I have a long and skinny backyard that is half tile and half weeds and dirt. There is a spot right off of the tile that the dirt dips down and creates a shallow hole that fills up with water whenever we water the nearby planter. This dip is right smack in the middle of my yard and cuts off half of the usable space.
I am going to be having company over very soon and I need a way for people to be able to walk over the muddy spot without putting their feet in mud. I am thinking about just laying a piece of plywood down but I was wondering if anyone had any better suggestions? I'm all ears!
Post a picture.
Most often just raising the grade will work.

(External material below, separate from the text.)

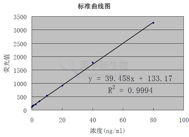 3.2.3标准曲线的制备:倍比稀释后的各梯度标准品溶液和染料工作液各取100ul混匀,避光室温放置5min。

I'm not sure why the photo is showing sideways in my post but I hope that helps.
My concern about plywood would be that it (or any other porous material) would become saturated or at least in contact at certain points with the water, which appears to be substantial.
I suppose that would depend, however, on how much of the plywood would be just above the water or actually in it. In the photo, it looks as though the water is at ground level on both sides. Perhaps if you use a large piece of plywood which extends beyond the puddle it might be more stable. Anything you put over it should extend well beyond the puddle edges anyway.

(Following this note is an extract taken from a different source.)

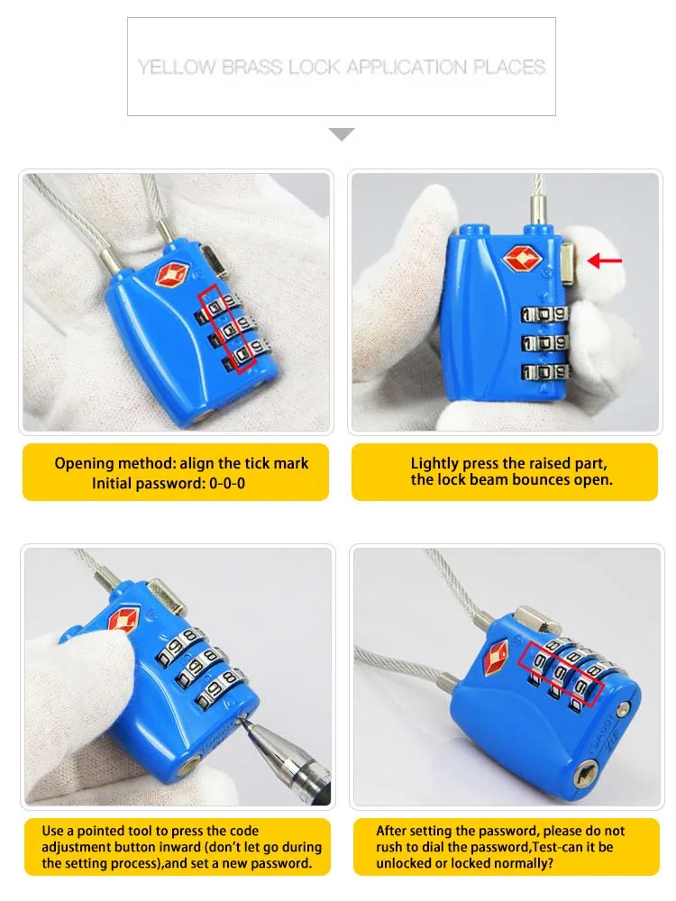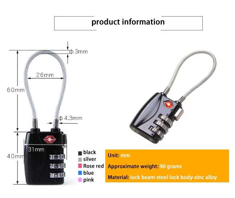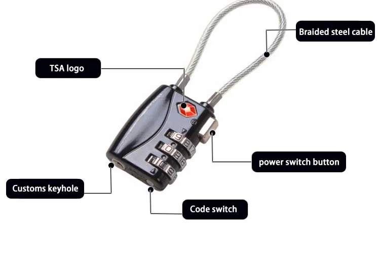 TSA Safety Luggage Cable Combination Lock authorised zinc alloy 3 digit lock combination travel cable TSA approved lock

I'm also wondering why the water is puddling in this particular area, which does seem to be lower and more vulnerable that the surrounding ground. Has it always puddled, or just since you've had a planter nearby?
You're right about being concerned that the plywood could become saturated, I'm worried about that too.
There are two reasons the water puddles there. One is that we made the mistake of trying to dig out the crabgrass and realized that it was a much bigger job then we could handle. As you can see in the photo, we didn't accomplish much more than making an even bigger mess than before. And second is because the planter is designed to drain out to the grass area if it is over watered. When we or our neighbor whose planter backs up to ours, over waters it drains out to the grass area and then puddles and takes forever to evaporate.
I understand undertaking a job before realizing it's too big a job to handle - "been there, done that!"
There's not much that can be done about your neighbor's planter unless he/she moves it, but maybe putting some sand down on the puddle might help absorb some of the water when the planters drain. I suppose a length of hose could be inserted at the drain hole of the planter so that the water could be diverted - that might at least take away from of the water.
I had thought about putting sand in the hole as well but I was worried that it would just turn into an even bigger muddy mess. Is there a way to keep that from happen?
What about using pebbles?
(Thank you so much for your input by the way)
I think what I would do is add some sand to just one spot and see how much is necessary to soak up some of the water. Peat moss will also absorb water; I used to add it to my soil mix when transplanting or planting ornamentals. If you have dried grass clippings or compost you could add that as well.
The reason I suggested sand is because it's what was added by the developer to my property, which I'm told used to be a swamp. When I dug down perhaps a foot in some areas, I reached damp sand and the fragrance one smells on approaching a public beach - that indescribable fragrance of water. In fact, I felt like I was at a public beach!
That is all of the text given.